The average salary of a high school teacher is $47,720. You would have to work nearly 19 years tax-free to make as much as the hypothetical doctor made in a year taxed at 70 percent. The average high school teacher salary is still 4x the federal poverty line of $11,700 a year. It would take someone at the poverty line nearly 77 years to make $900,000 if they weren’t taxed at all. If you weren’t taxed either, it would take them over 256 years to make what you make in one year.

If you work full time at the federal minimum wage, you make $14,500 a year not including taxes. This hypothetical doctor makes over 200 times that before taxes. Not saying the job of most minimum wage workers is comparable in importance to a high-quality medical professional, but is it comparable in importance to a high-quality high school teacher? Not all doctors save lives, and not all teachers change lives for the better, but those who do are of comparable importance in my book, and I think it’s very debatable who has the tougher job.

Unfortunately for my point, a doctor paid well above the average doctor salary ($209,276) was the specific example. But when you look at the societal contribution and salary of a banker alongside the societal contribution and salary of, say, a social worker, the unjust disproportion becomes a lot more evident.

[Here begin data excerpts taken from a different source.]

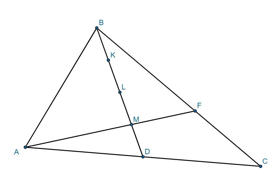 Пожалуйста, помогите) Точки K,L,M ділять медіану трикутника АВС на 4 рівні частини (ВК=КL=LM=MD). AM перетинає ВС у точці F. Знайдіть CF:FB
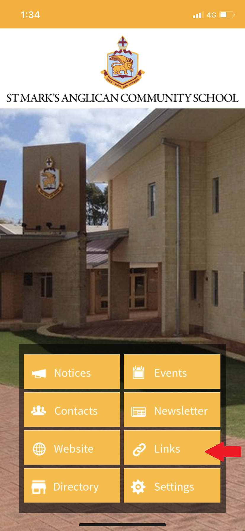 App: On the School App’s homepage, tap the button marked
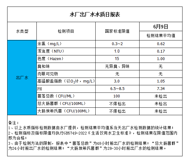 水廠出廠水水質(zhì)日報表(2023-6-9)
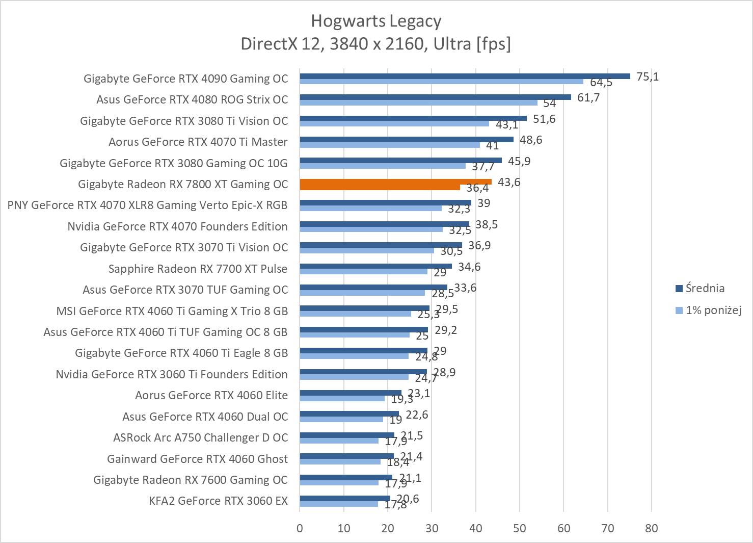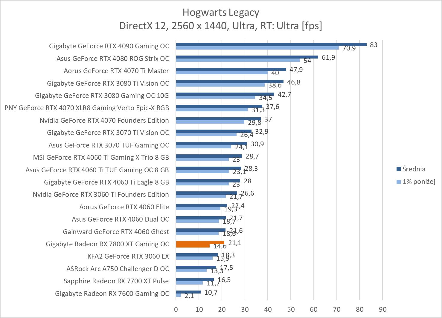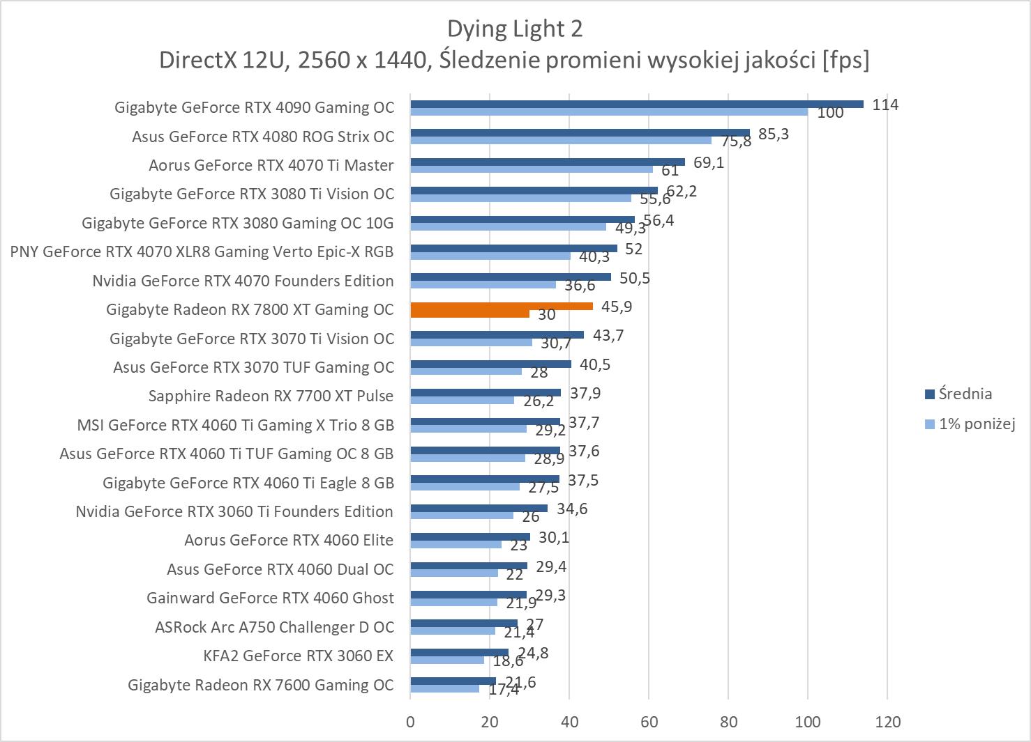 Przy ray tracingu mamy fatalne wyniki w Hogwarts Legacy, ale tam również 7700 XT wypada słabo. W 3 grach mamy też powyżej 60 fps, więc spokojnie można grać. Wyniki oprócz The Callisto Protocol pokazują, że karta jest jednak słabsza od RTX 4070.

The point is, if you want to be socially progressive, you have to stop looking at what you’re giving up and instead look at what you have and others have when all is said and done. You’re still rich and living comfortably, society is better in facets that don’t directly affect you, and others are living more comfortably and have more opportunity. If that doesn’t sound rewarding to you, that’s fine, you’re just not socially progressive.

Or, you can just lie to yourself. You can always still call yourself socially progressive but economically conservative. And fortunately for you, your life won’t change, because it’s never your life that’s at stake.

To quote Gandhi: “The world has enough for everyone’s need, but not enough for everyone’s greed.”